Český ministr zahraničí Lubomír Zaorálek hovoří s novináři 14. dubna v Lucemburku při příchodu na jednání šéfů diplomacií EU. ČTK Dospiva Jakub
It is true that not even the Dalai Lama demands Tibet´s full independence, but the expression "in any form" is problematic. Does it mean that Czechs would be against a certain level of self-rule or autonomy of Tibet? Hanak asks.
He says the Dalai Lama and Tibetans demand from Beijing the same that Prague reasonably recommends to Kiev in Eastern Ukrainian regions.
"China is an elephant and the Czech Republic is an ant, this is the proportion of both countries... And China´s´ economic force is enormous now," Hanak writes.
After Russian markets became uncertain, Prague would like to lure Chinese investments. Some 600,000 jobless people inherited from the previous centre-right governments must be a nightmare of the Social Democrat PM Bohuslav Sobotka, Hanak admits.
"In spite of it, I think that even an ant should and could keep its moral integrity," Hanak writes in Pravo.
President Milos Zeman has missed a chance of delivering a key address on the occasion of the tenth anniversary of the Czech Republic´s EU entry, and he keeps weakening the authority of his office by commenting on the issues, which are not within his powers, Jiri Pehe writes elsewhere in daily Pravo.

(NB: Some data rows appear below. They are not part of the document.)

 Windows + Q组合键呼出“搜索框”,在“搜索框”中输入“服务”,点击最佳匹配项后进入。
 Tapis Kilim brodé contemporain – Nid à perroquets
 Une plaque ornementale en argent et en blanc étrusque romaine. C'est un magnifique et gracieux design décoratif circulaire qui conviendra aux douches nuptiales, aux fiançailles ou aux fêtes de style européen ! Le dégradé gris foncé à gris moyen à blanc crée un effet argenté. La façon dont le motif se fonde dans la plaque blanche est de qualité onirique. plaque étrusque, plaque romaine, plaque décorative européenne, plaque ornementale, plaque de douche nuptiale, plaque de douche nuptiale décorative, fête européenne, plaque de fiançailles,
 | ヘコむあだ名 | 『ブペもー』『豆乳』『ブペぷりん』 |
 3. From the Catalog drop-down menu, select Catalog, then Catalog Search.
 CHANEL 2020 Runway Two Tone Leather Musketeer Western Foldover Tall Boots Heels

He recalls that the most significant statements by Zeman in media on this occasion were his words on "solar madness" in the EU. He said that the Czech Republic should more actively fight for the future of nuclear energy instead of building solar plants and windmills, Pehe recalls.
He says Zeman has naturally the right to express his views but energy policy is the government´s field of responsibility.

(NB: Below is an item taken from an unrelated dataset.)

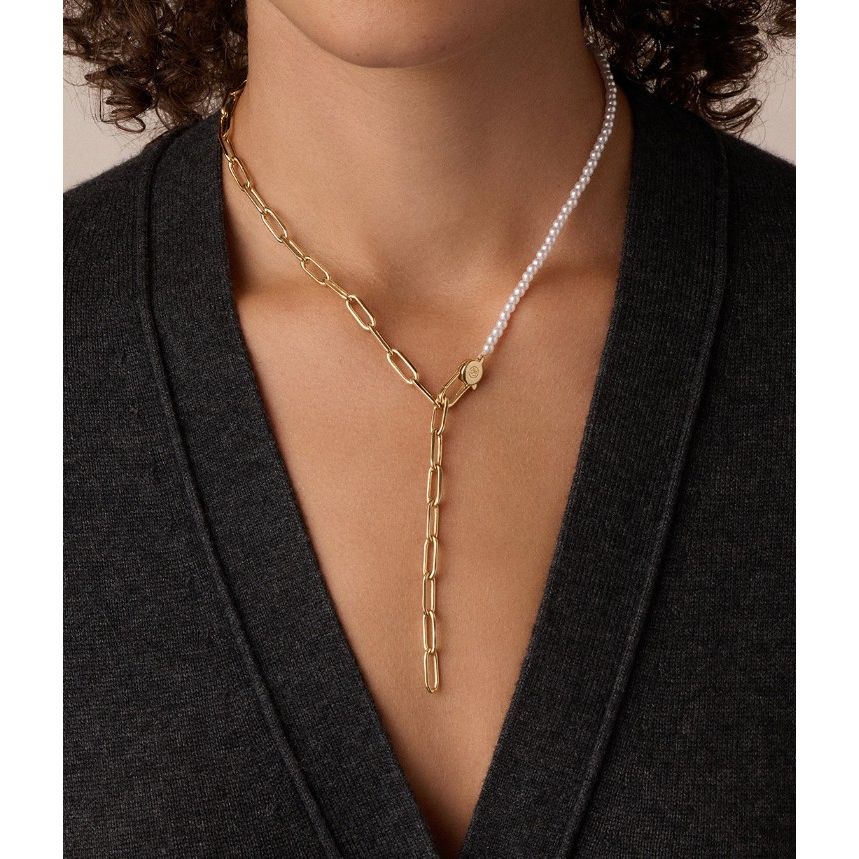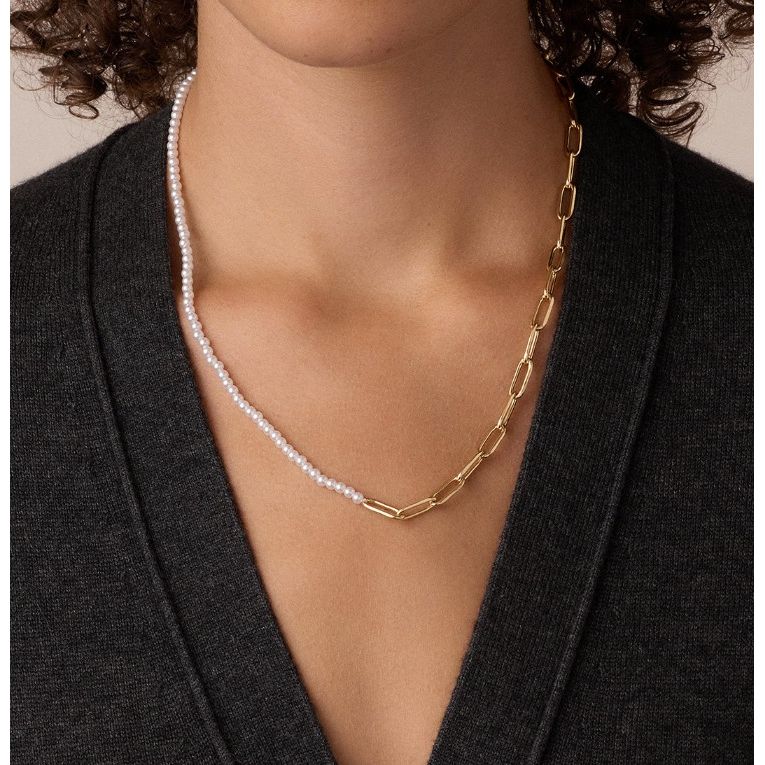Proving two styles are better than one, this 18k gold plated half and half necklace was designed to bring dimension and interest to your everyday stack. Featuring a chain that's half paperclip, half pearl, it's a trending style you'll reach for again and again.

Pehe adds that after the appointment of the coalition government, Zeman´s various statements are nothing but "pieces of good advice," which no one requires.
Zeman is unnecessarily weakening the weight of his office. He often does not use it at the moments when citizens would like to hear the president´s opinion, and on the contrary, he repeatedly misuses his position to settle old scores with his opponents or spread some radical or controversial opinions in the areas in which he has no powers, Pehe concludes.
The culture of officials´ replacement in the Czech Republic is very poor, Martin Zverina writes in Lidove noviny (LN) today, commenting on the current dispute about the post of the Totalitarian Regimes Study Institute´s (USTR) head.
The Czech Republic has already had two police presidents and too high state attorneys and now it might also have two USTR directors after a court ruled on Friday that the dismissal of current Culture Minister Daniel Herman (Christian Democrats, KDU-CSL) as USTR head was at variance with the constitution, Zverina adds.
There is a strong political will and legal shortcomings behind most dubious dismissals of senior officials, including Herman´s case, Zverina points out.
He says the "coup" in the USTR was clearly a political order as the new USTR council that has fired Herman is definitely politicised. It is namely elected by the Senate dominated by the senior government Social Democrats (CSSD).
Fortunately Herman is not considering returning to the USTR´s helm, Zverina notes.
However, the whole system of the appointment and dismissal of senior officials as well as politicians´ approach to them should change, Zverina indicates.